The pipeline consists of three steps / modules:
- get_features: retrieve & store features in BAM file
- predict_mods: train ML models for modified bases, estimate per-position stoichiometry and much more...
- encode_mods: predict & encode per-read modification status in BAM file using ML models generated by predict step.
All these steps can be run separately or as a pipeline by executing nanoRMS2/run
.
A simpler version of this work is NanoRMS. We recommend using NanoRMS2.
You can find the software versions and requirements here.
For more information, please visit full documentation.
Modification-unaware basecalling models to be used with nanoRMS2 are stored in /data directory.
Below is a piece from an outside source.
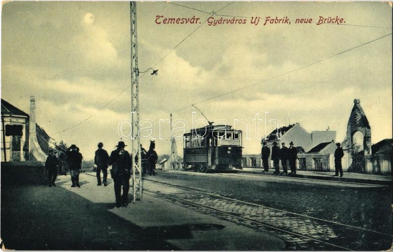 Temesvár, Timisoara; Gyárváros, Új híd, villamos. Gerő Manó kiadása / Fabrik, Neue Brücke / Fabrica, new bridge, tram (fl)

If you find this work useful, please cite:
Sonia Cruciani *, Anna Delgado-Tejedor *, Leszek P. Pryszcz #,*, Rebeca Medina, Laia Llovera and Eva Maria Novoa # De novo basecalling of m6A modifications at single-molecule and single-nucleotide resolution (under review)
-- The order of co-first authorship (* above) was determined
by flipping the coin on 15 Jun 2023 at 14:53 CET
@41.3848953,2.1939749.
In our opinion, such process summarises pretty well
the randomness of success in science (and life in general!).